SpaceX’s Starship Worksite in Texas Is a Constant Headache for Regulators

Space enthusiasts look at a prototype of SpaceX’s Starship spacecraft at the company’s Texas launch facility on September 28, 2019 in Boca Chica near Brownsville, Texas. Loren Elliott/Getty Images

SpaceX’s busy rocket testing activities in the remote beach town of Boca Chica in South Texas are increasingly becoming a headache for local residents and governments.

Last week, the Elon Musk-led rocket company received a notice from a county district attorney warning the company that it could be violating several state laws by closing public roads for extended periods of time and hiring unlicensed security guards to ward local residents off the closed area.

In the letter, first reported by Texas local television station KRGV, Cameron County district attorney Luis Saenz alleged that members of his staff, while attempting to access a public road near SpaceX’s test facilities to carry out an investigation on June 9, were “approached, stopped and detained” by a company security guard who they later found was not licensed by the Texas Department of Public Safety per state law.

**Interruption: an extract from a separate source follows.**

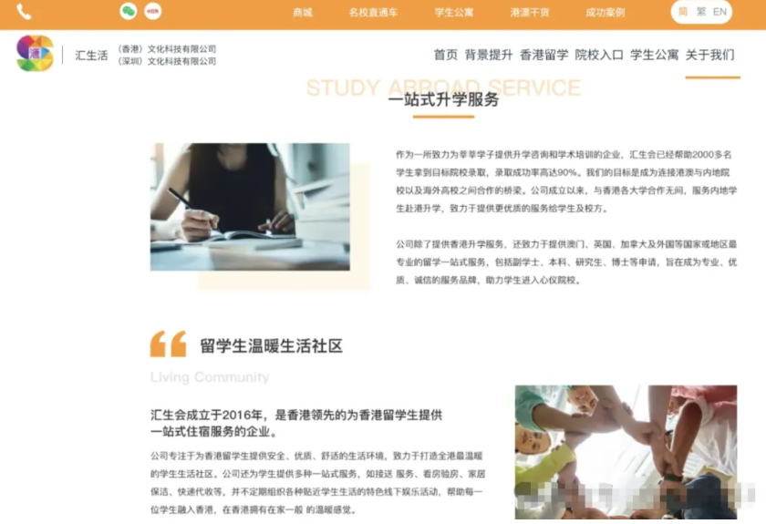 汇生活成立于2016年,总部位于香港,主要从事学生住宿服务、物业管理服务以及教育咨询服务的推荐业务,

“While SpaceX is a valued member of our community, this does not authorize SpaceX, its employees, staff, agents, and/or contractors to disregard Texas Law,” Saenz said in the letter addressed to SpaceX’s head of Starship operations, Shyamal Patel. “Also, be advised, if this conduct were to happen again, not only could the individual SpaceX employee/contractor/agent be subject to arrest and prosecution, but as a Texas Business Entity…SpaceX could be prosecuted as well.”

Under its agreement with the Federal Aviation Association, SpaceX is authorized to close the Boca Chica beaches for up to 300 hours per year for rocket testing and launches. SpaceX has exceeded that limit just six months into 2021. The company’s actions could amount to a Class B misdemeanor for “obstructing a highway or other passageway” and a third-degree felony for “impersonating a public officer,” according to Saenz’s letter.

Boca Chica is SpaceX’s main site for building and testing Starship, the giant spacecraft designed to fly humans to the Moon and Mars in the foreseeable future. Since December 2020, SpaceX has launched five Starship prototypes from the site for high-altitude tests. Four of them resulted in explosions.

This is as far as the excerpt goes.